Emerson saw eight straight quarters of down business. When added together, Train said, the company probably saw sales drop 10 to 15 percent since crude oil prices sank from $116 a barrel in 2013 to just $29 in early 2016.

Emerson's Minnesota staff fell 8 percent but recently returned to about 2,400 as crude oil prices crawled back. Oil prices sit around $50 a barrel.

It's not a full recovery, but it matters and is showing up in numbers nationwide.

Emerson started seeing improvements around the first of the year, Train said.

That's a bit ahead of the industry as a whole, which reported year-over-year numbers seeing a "positive, accelerating trend" in March, according to an August report from the 600-member Association of Manufacturing Technology (AMT).

Train credited the uptick to renewed fracking activity in the Bakken oil fields in North Dakota, the Permian Basin in Texas and in Pennsylvania.

"And we are seeing a lot of work around terminals and pipelines that are moving things along again," Train said. "Oil production is up again."

Economists expect the impact of Hurricane Harvey will create a temporary three- or four-month slowdown as factories, refineries and petrochemical plants scramble to dry out, power up and get production and deliveries back online.

Emerson was forced to shut down eight of its facilities, check on 2,000 workers and find some of them shelter and temporary housing. It is also helping customers that lost power and found their entire electrical systems underwater.

But beyond temporary hurdles because of the disasters, the oil and chemical industries are expected to resume growth and continue to build the domestic resources, said Patrick McGibbon, strategic analytics vice president at AMT.

"We have always consumed more natural gas than we produced.
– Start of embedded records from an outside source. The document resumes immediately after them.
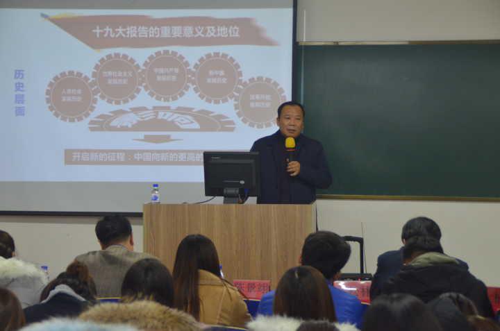 为深入学习贯彻党的十九大精神,进一步统一思想、明确任务,提高我院学生干部的责任意识,增强自我教育、自我管理、自我服务的能力,总结交流近年来我院学生干部在工作、学习、生活中的经验,提高我院学生干部的思想政治素质、培养组织协调能力,工商管理学院特举办学生干部系列培训活动。此次培训得到校领导以及院领导的关心、重视和大力支持,11月24日晚,培训启动仪式于高新校区109教室隆重启动,校党委常委、党委副书记陈景翊教授,工商管理学院党总支书记孔令海,工商管理学院党总支副书记郝松林出席本次活动。
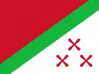 DesignFlag divided diagonally from lower hoist-side to the upper fly-side into two fields, one red and the other white. The fields are separated by a green band. In the white field are three red Katanga crosses.
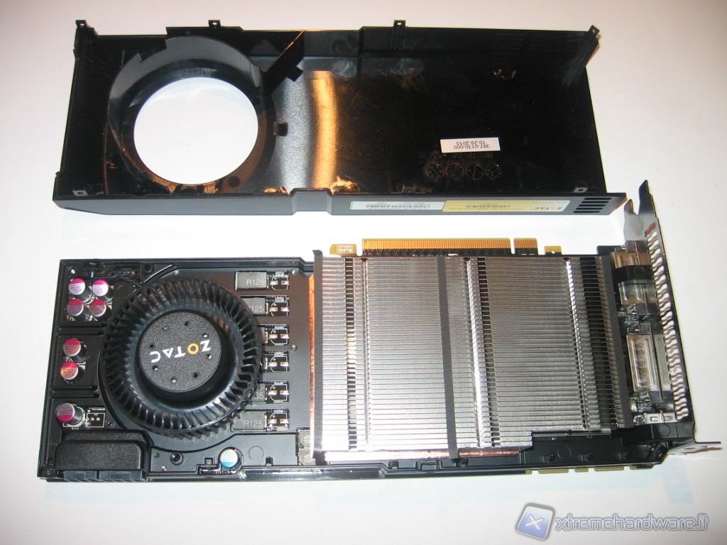 Con una leggera pressione, delicatamente, dovrebbe venir via lo scheletro in metallo. Esso ha una duplice funzione: da un lato provvede al raffreddamento dei vari chip di RAM e di alimentazione mentre dall’altro ha l’importantissima funzione di sostegno, per evitare eventuali torsioni che potrebbero danneggiare la scheda video.
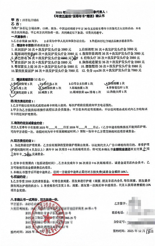 根据李女士提供的《形象代言人确认书》扫描件,记者看到条文中确有相关条款。李女士透露,协议原件由店方保管,自身仅持有手机扫描件。此前,美容院一度回复“年后处理”,后又表示只要同意扣除违约金即可退款。目前,李女士已拨打12315反映情况。
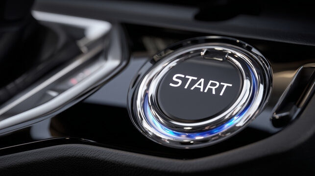 Macro image of engine start button, reflective chrome trim surrounding illuminated lettering, sleek dark dashboard emphasizing modern design
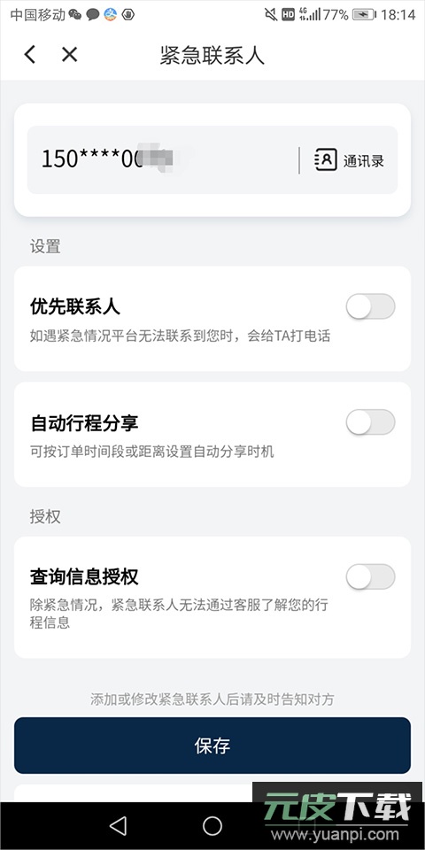 5、在新开启的页面中,依次将【优先联系人】、【自动行程分享】、【查询信息授权】等功能按钮打开,最后点击下方【保存】按钮,即可进一步提升出行安全等级
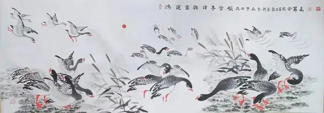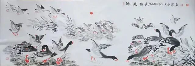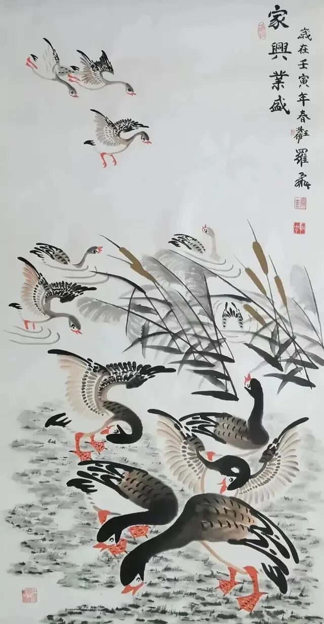 罗维存先生绘丹至今,其画作于单纯中显繁境,笔精而墨妙,神清而气爽,两者相互生发,蒙养以生长,神韵冲和,造诣非凡。鸿雁于千里,展翅高飞,肃肃其羽。先生乞灵感于自然,求法度于非法,是今日之画家多不能至也,气愈大而魄愈雄,格愈高而质愈贵,一纸笔墨,尽归罗维存先生魂梦之间,笔墨之下也!其以鸿鹄之志之深心,超然出尘之怀抱,必能创造自我之艺术新境界,绘雁之路如鸿雁腾飞、扬名寰宇!
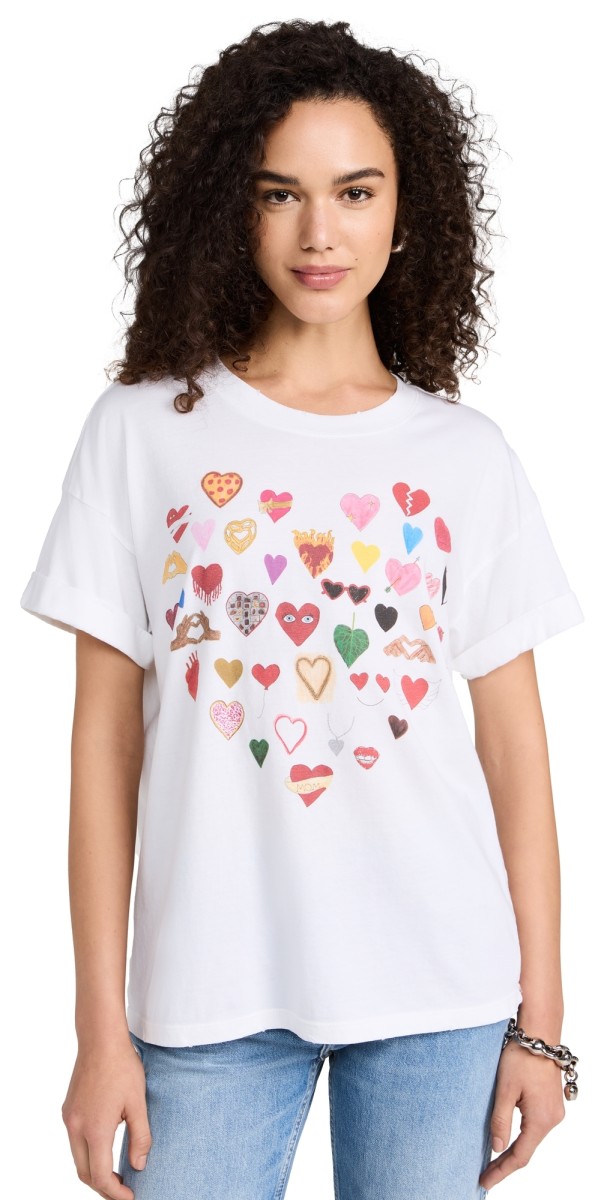 Fabric: Lightweight jersey. Distressed edges and fixed cuffs. Heart graphics at front. Crew neck. Short sleeves. Shell: 100% cotton. Wash cold. Imported, Guatemala. Measurements: Measurements from size S Length: 24.5in / 62.0cm, from shoulder
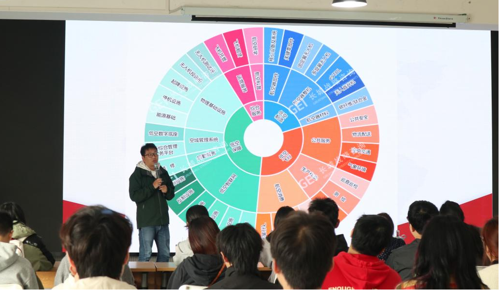 焦阳老师现任武昌理工公司创新创业公司副教授、武汉理工大公司外硕士生导师,拥有丰富的投资与人力资源行业背景。讲座伊始,他便指出,千米以下空域的经济活动正迎来爆发期,无人机是其核心载体。从林区捡松塔、湖泊巡查、农业喷药,到医疗运输、工程检测,无人机已渗透20多个行业,高效解决高危、低效难题。
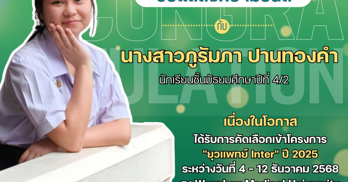 แสดงความยินดีกับนักเรียนที่ได้รับการคัดเลือกเข้าโครงการ “ยุวแพทย์ Inter” ปี 2025
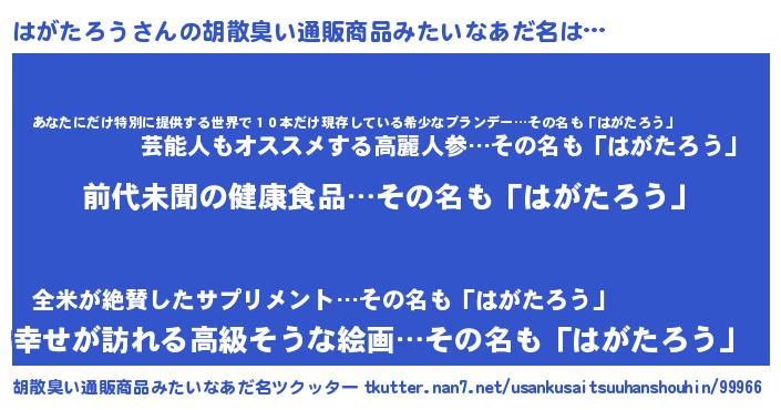| 意味不明あだ名 | 『永久保存はがたろう』『自称はがたろう』 |
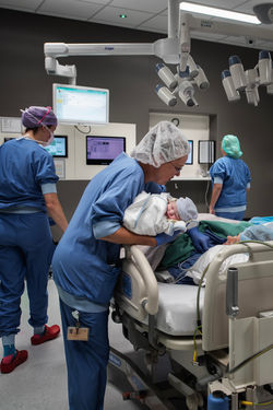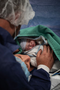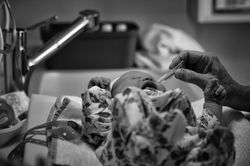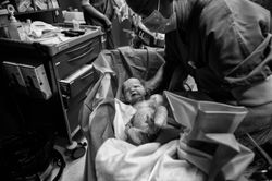 Vlak voordat Izzy-Mae uit mijn buik gehaald wordt, ben ik ietwat gestabiliseerd en mogen Sander en Jay naar binnen. Jay legt vast hoe Izzy met spoed en grof geweld uit mijn buik gehaald wordt. Met een vacuümpomp en het nodige duw- en trekwerk.

But we are just now getting to the point where we're importing a lot less oil. For the first time, we will start exporting natural gas," McGibbon said, noting pipeline or port building projects scheduled for West Virginia, Pennsylvania and South Carolina. That "greater independence of oil has made Emerson a lot richer in the last year, with flows picking up and the building of new pipelines."

Alex West, principal analyst of IHS Markit's smart manufacturing division, said Emerson, Siemens and other makers of wireless, remote and other oil-equipment monitoring systems have all benefited from the rebound of oil and surge of natural gas.

"We have gone from those $80-a-barrel break-even points to oil prices now sitting at $50 a barrel. So, companies had to find a way of … reducing their costs," he said. "Certainly instrumentation like Emerson's has played a part in that."

Its remote sensors and monitors and nonstop digital-data collection let oil "companies have better visibility of any potential energy wasting, and helped with collecting data and maximizing the efficiency of their processes," West said. "Certainly the unconventionals [like the shale/fracking sector] have been one that we have seen adopting instrumentation quickly to help benefit its business and to reduce break-even costs."

Emerson executives also point to a series of strategic acquisitions that have positioned the company well for when the oil and gas industry fully recovers.

In the past few years, Emerson made a series of small purchases, including a fledgling sensor company, a flame-and-gas detection equipment maker and an English firm that makes products that prevent pipe corrosion. In the spring, Emerson made a big acquisition, paying $3.1 billion for the energy valves and control division of Pentair.

The Pentair deal will fill a gap in Emerson's energy valves business, Train said.

"We already had a large valves business," he said. "But Pentair's were a slightly different type."

The division makes a safety valve that can automatically monitor pressure and shut off on its own, without the need for constant adjustments. The unit didn't do much for Pentair, which is a well-respected maker of pumps.

But at Emerson, Train said, it will do well as the industry marches toward full recovery.

It's taken two years, but "we are starting to get some positive underlying growth," Train said.